_Record excerpts_:

........

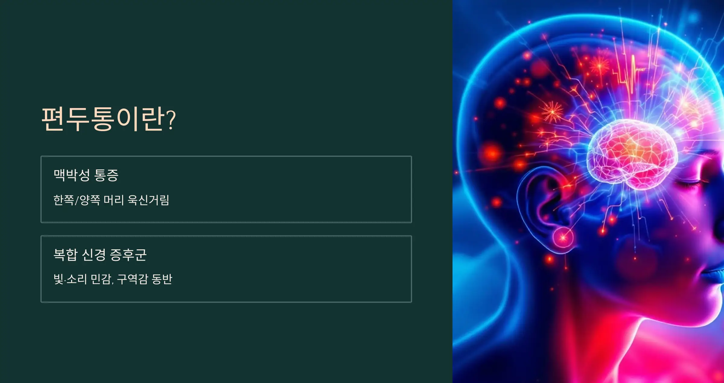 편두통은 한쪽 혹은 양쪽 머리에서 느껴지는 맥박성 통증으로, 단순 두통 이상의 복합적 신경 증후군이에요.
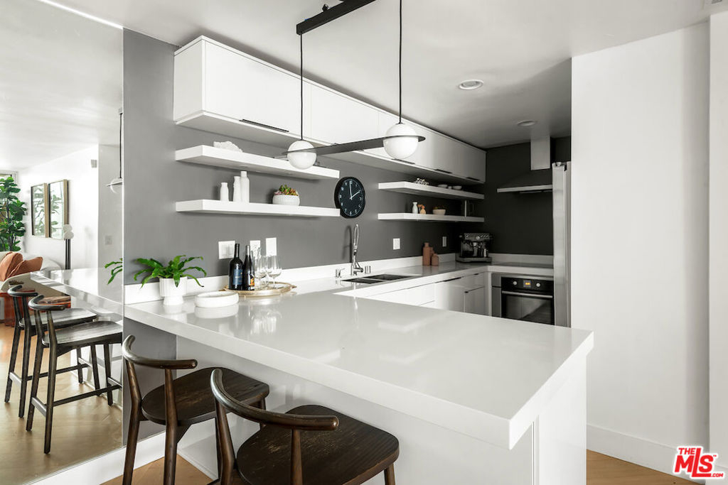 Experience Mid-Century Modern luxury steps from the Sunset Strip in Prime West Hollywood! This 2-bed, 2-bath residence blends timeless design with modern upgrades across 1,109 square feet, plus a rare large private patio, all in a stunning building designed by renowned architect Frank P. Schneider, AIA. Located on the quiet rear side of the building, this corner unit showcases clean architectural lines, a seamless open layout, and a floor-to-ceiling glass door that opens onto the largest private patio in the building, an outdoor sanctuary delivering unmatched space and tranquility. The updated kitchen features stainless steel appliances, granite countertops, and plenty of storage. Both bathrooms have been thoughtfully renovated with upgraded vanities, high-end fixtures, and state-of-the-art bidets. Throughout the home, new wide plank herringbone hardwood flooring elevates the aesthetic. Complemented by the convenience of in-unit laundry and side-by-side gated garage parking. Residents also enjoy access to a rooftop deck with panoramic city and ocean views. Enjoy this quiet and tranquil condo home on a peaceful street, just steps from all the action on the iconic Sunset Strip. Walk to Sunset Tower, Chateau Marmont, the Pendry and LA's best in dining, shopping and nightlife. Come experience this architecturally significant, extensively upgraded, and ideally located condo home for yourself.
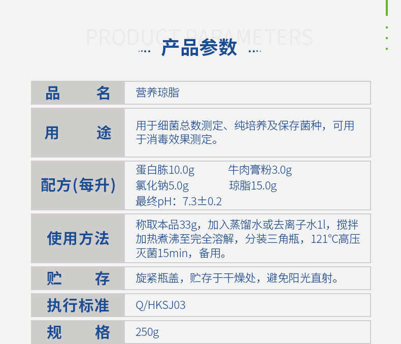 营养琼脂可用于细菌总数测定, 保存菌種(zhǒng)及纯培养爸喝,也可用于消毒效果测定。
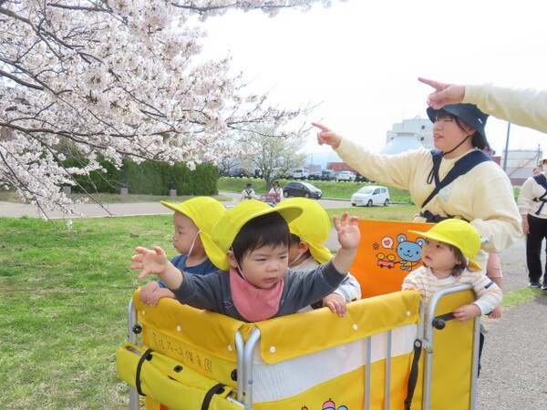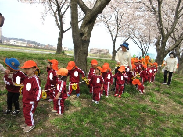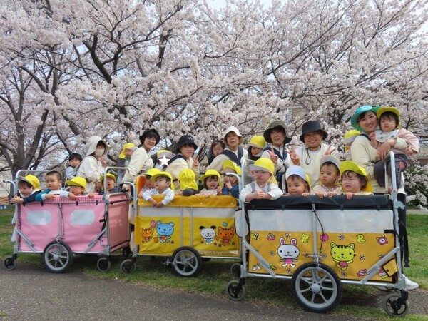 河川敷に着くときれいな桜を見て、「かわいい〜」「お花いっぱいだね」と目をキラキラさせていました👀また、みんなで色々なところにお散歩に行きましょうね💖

........

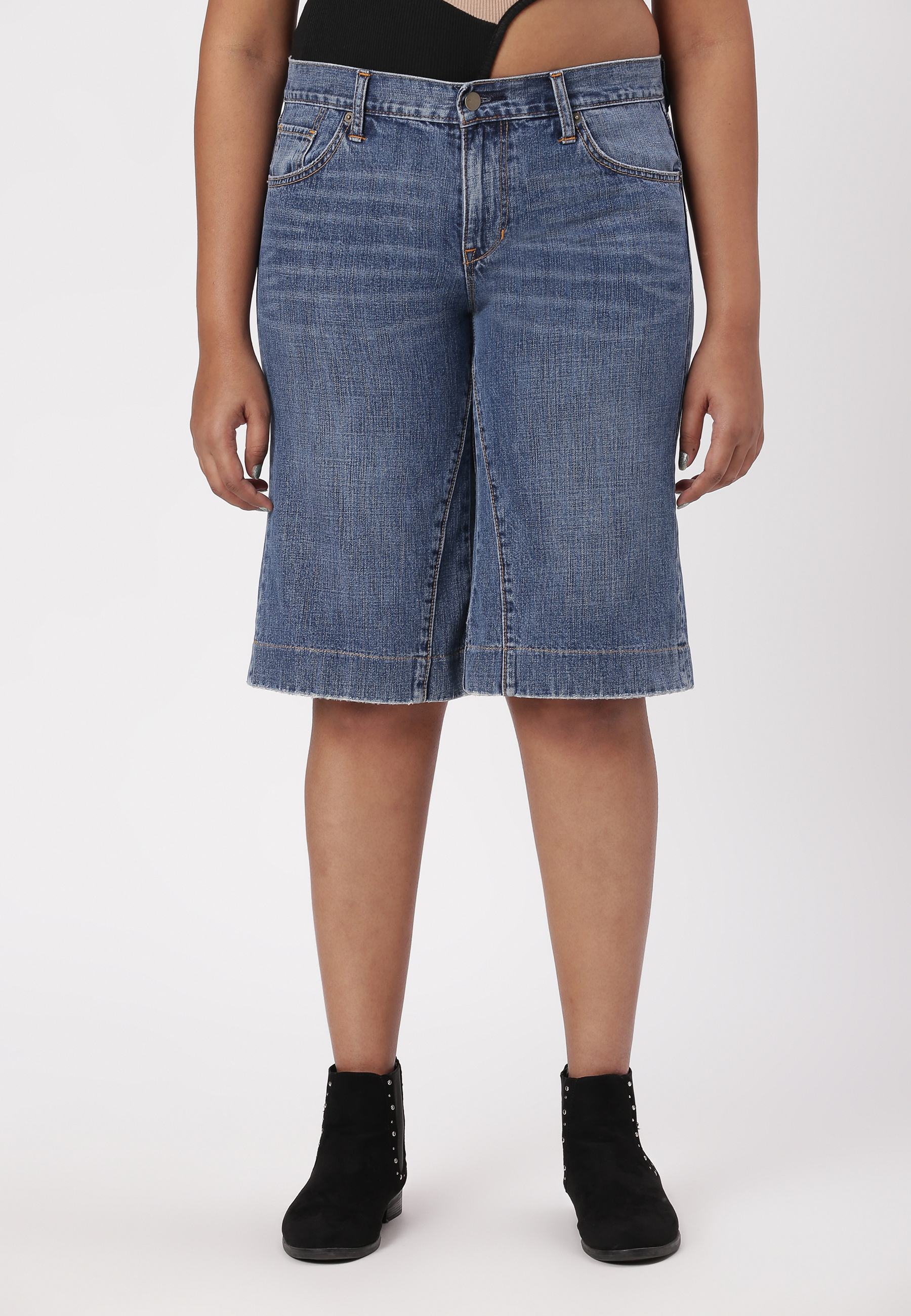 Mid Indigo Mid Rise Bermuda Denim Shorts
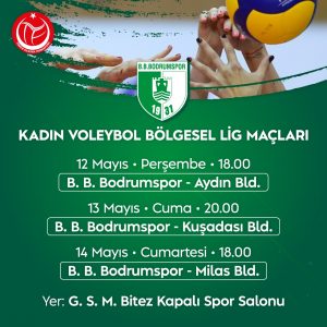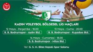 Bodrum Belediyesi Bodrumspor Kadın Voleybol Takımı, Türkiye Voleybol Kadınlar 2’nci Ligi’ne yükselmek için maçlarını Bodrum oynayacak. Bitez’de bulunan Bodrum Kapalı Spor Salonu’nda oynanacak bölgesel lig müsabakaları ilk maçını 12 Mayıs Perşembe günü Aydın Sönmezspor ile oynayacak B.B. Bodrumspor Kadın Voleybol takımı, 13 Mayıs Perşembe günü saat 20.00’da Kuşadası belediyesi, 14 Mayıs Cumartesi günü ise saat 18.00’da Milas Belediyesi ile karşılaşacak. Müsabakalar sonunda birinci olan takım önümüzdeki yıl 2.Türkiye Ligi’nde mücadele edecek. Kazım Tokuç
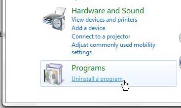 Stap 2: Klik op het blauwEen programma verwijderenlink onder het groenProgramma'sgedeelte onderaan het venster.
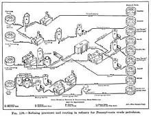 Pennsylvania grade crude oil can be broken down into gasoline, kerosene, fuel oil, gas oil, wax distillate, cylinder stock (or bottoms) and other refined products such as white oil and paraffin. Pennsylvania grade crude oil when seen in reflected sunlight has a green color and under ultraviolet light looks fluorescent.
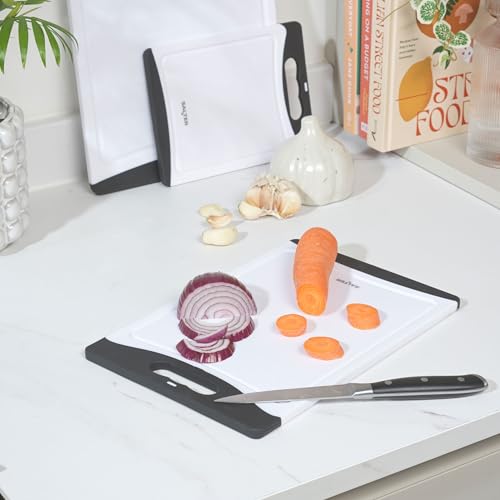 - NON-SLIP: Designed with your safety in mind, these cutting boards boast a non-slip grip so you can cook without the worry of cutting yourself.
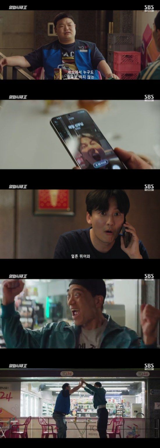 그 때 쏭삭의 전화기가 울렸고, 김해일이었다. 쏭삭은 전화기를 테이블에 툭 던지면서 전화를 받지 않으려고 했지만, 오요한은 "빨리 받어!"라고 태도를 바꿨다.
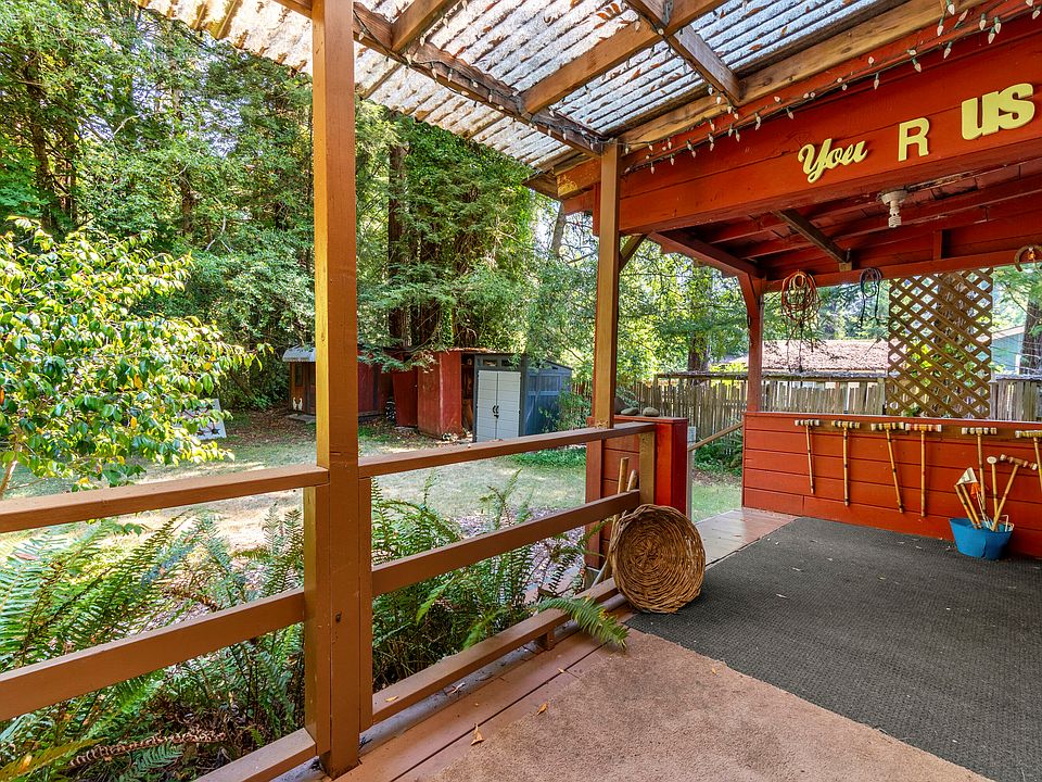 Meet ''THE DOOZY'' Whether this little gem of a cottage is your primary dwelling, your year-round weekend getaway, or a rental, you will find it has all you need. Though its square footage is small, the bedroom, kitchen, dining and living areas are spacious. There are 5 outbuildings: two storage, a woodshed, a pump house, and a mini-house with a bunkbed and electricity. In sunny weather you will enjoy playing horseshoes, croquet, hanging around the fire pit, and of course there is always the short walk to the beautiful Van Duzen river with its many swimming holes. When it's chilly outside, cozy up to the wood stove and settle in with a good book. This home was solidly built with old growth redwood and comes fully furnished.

........

_Task brief_: Give again the stretch of the entries above that begins at the line with "Bodrum Belediyesi Bodrumspor" and ends at the line with "Pennsylvania grade crude oil can", word for word, with no pictures.

_Problem solution_:
 Bodrum Belediyesi Bodrumspor Kadın Voleybol Takımı, Türkiye Voleybol Kadınlar 2’nci Ligi’ne yükselmek için maçlarını Bodrum oynayacak. Bitez’de bulunan Bodrum Kapalı Spor Salonu’nda oynanacak bölgesel lig müsabakaları ilk maçını 12 Mayıs Perşembe günü Aydın Sönmezspor ile oynayacak B.B. Bodrumspor Kadın Voleybol takımı, 13 Mayıs Perşembe günü saat 20.00’da Kuşadası belediyesi, 14 Mayıs Cumartesi günü ise saat 18.00’da Milas Belediyesi ile karşılaşacak. Müsabakalar sonunda birinci olan takım önümüzdeki yıl 2.Türkiye Ligi’nde mücadele edecek. Kazım Tokuç
 Stap 2: Klik op het blauwEen programma verwijderenlink onder het groenProgramma'sgedeelte onderaan het venster.
 Pennsylvania grade crude oil can be broken down into gasoline, kerosene, fuel oil, gas oil, wax distillate, cylinder stock (or bottoms) and other refined products such as white oil and paraffin. Pennsylvania grade crude oil when seen in reflected sunlight has a green color and under ultraviolet light looks fluorescent.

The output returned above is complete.